== Material shown ==

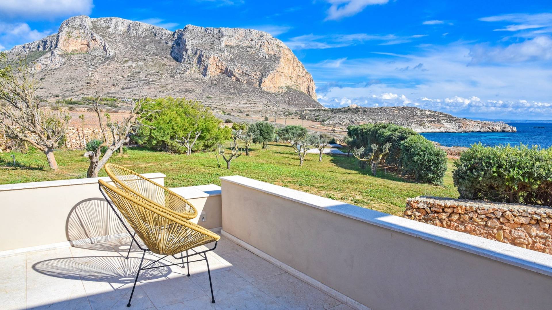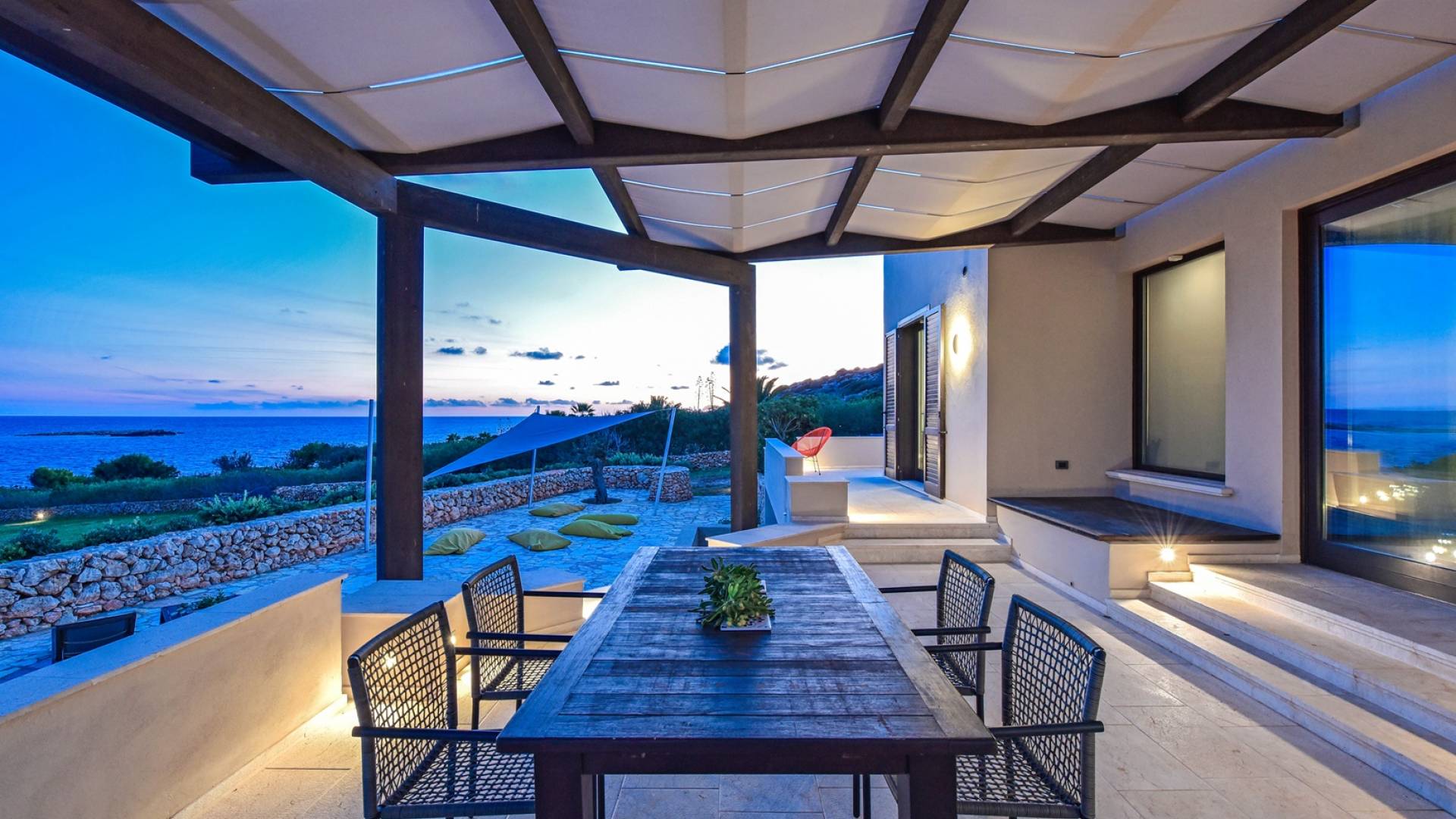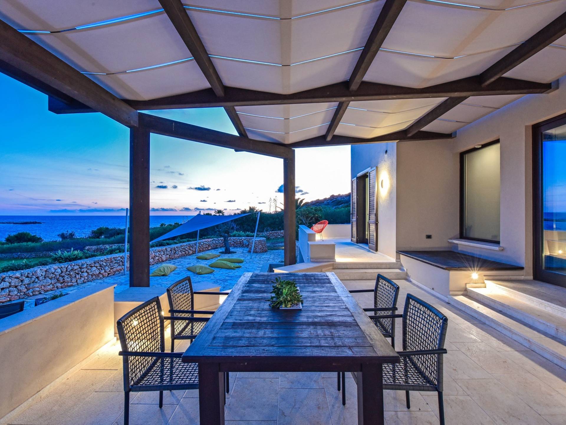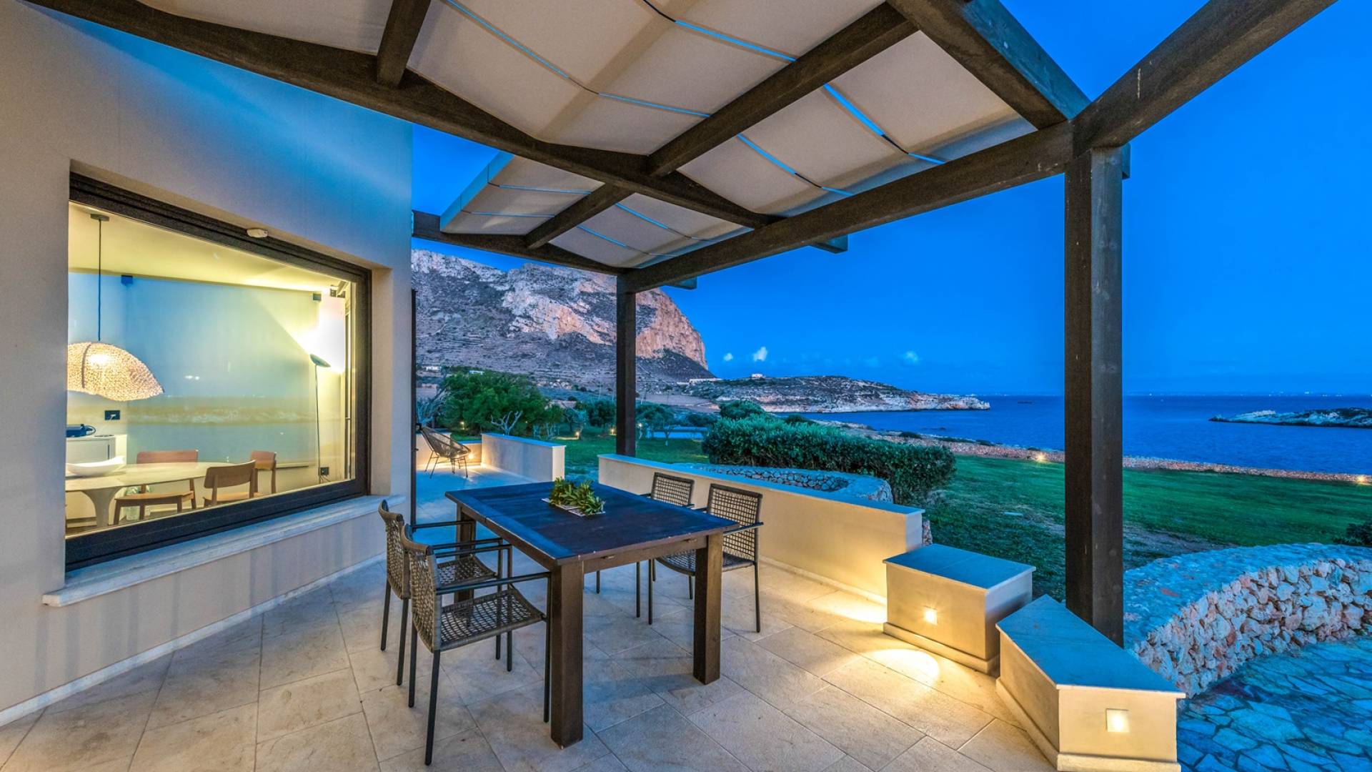 Set meters from a characteristic rocky beach, to which it has private access, this two-level house is built on the hedge of his hill. Placed in one of the most desirable parcels of the island, the internal and external spaces are designed with style, comfort, and refinement with the aim of making guests experience an unforgettable Sicily time, a few steps from the sea, with a view of the small islands of Prevent and Marettimo and only a thousand meters from the famous Cala Rotonda beach.
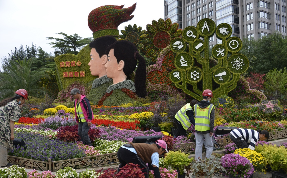 9月25日,園林工人對(duì)北京長(zhǎng)安街東單路口的主題花壇進(jìn)行最后修飾。
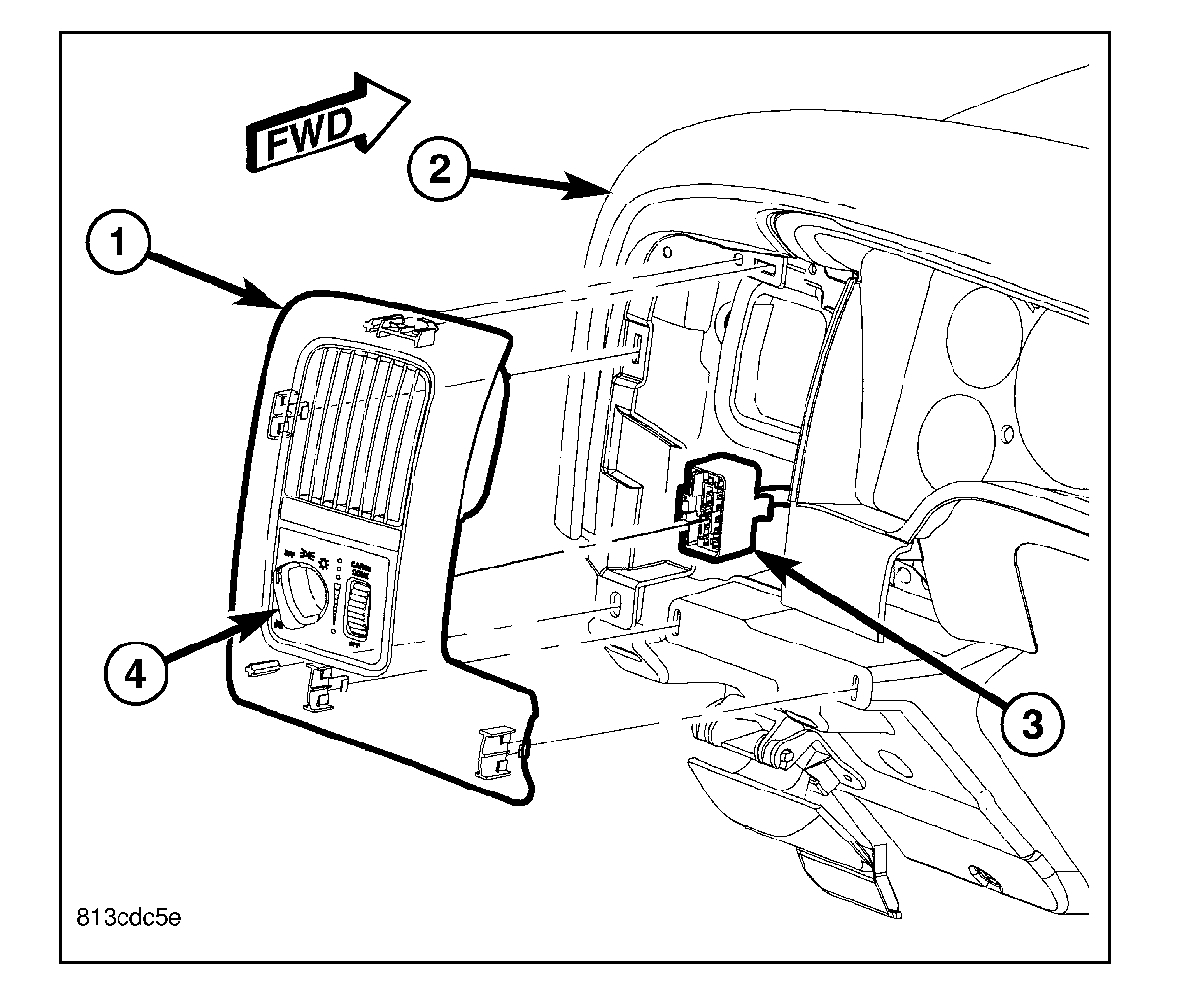 3. Position the left bezel (1) close enough to the instrument panel (2) to reconnect the instrument panel wire harness connector (3) to the back of the headlamp switch (4).
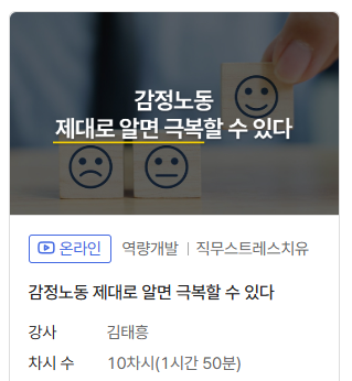 1) 감정노동 제대로 알면 극복 할 수 있다. 강의시간 10차시(1시간50분)
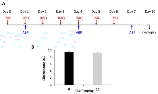 Clinical assessment of the efficacy of the ABP dendrimer when administered intravenously to imiquimod (IMQ)-induced psoriatic mice. (A) Time line of the study. (B) Clinical score at day 10 for control psoriatic mice (black bar) and mice treated with 10 mg/kg of the ABP dendrimer every 3 days (n = 10 mice in each group).
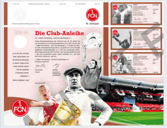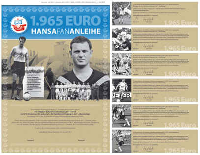 Hertha BSC Berlin Lausig stand es 2010 um die Finanzen des Hauptstadtvereins: Rund 35 Mio. Euro Schulden belasteten die Kasse. Nachdem der Traditionsverein bereits 2004 durch eine Anleihe mit variablem Zinssatz und sechsjähriger Laufzeit 6 Mio. Euro einsammeln konnte, sollte der neue Fan-Bonds ähnlich viel Geld einbringen. Doch nur 3,5 Mio. Euro konnten die Berliner mit ihrer Anleihe einnehmen. Und ein Großteil des Gesamtvolumens stammt nicht von den Fans: Vereinspräsidenten Werner Gegenbauer soll für eine siebenstellige Summe Anteile gezeichnet haben. Die Anleihe ist in drei verschiedenen, aufwendig gestalteten Stückelungen zu 100 Euro, 500 Euro und 1892 Euro - in Anlehnung an unser Gründungsjahr - erhältlich. So sind auf der 100 Euro-Anleihe die aktuellen Nachwuchsfußballer des Vereins abgebildet, auf der 500 Euro-Anleihe befinden sich Bilder ausgewählter Spieler aus dem Lizenzspielerkader 2010/11 und auf der 1892 Euro-Anleihe sind besondere Momente der Vereinsgeschichte. |
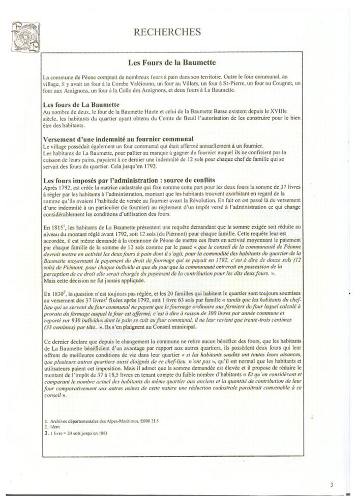 Description : Parmi les nombreux fours que la commune de Péone , le hameau de la Baumette en possédait deux construits avec l'autorisation du Comte de Beuil . N'utilisant pas le four communal, les habitants du hameau payaient une indemnité au fournier communal. Lors de la création de la matrice cadastrale en 1792, l'administration remplaça cette indemnité par un impôt qui fut source de nombreux conflits.
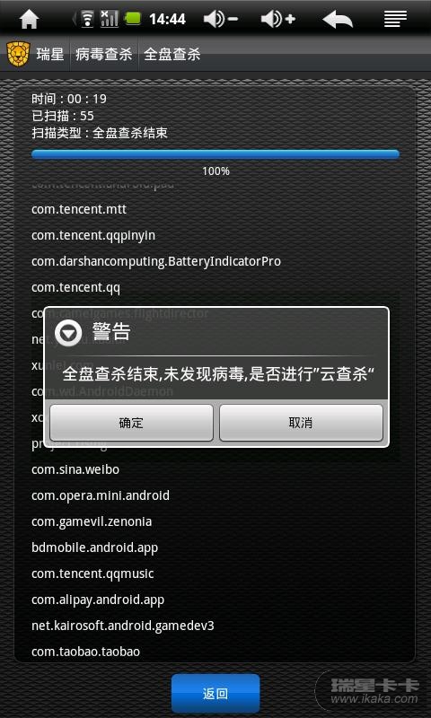 全盘查杀界面,还算不错,但是我觉得扫描完后是不是“警告”这一词运用的不太恰当?

===

_Work to be completed:_
Precisely those lines above that run from the line with "3. Position the" up to and including the line with "1) 감정노동 제대로 알면 극복 할 수 있다. 강의시간 10차시(1시간50분)" are to be set down, with the pictures omitted.

_Answer to this task:_
 3. Position the left bezel (1) close enough to the instrument panel (2) to reconnect the instrument panel wire harness connector (3) to the back of the headlamp switch (4).
 1) 감정노동 제대로 알면 극복 할 수 있다. 강의시간 10차시(1시간50분)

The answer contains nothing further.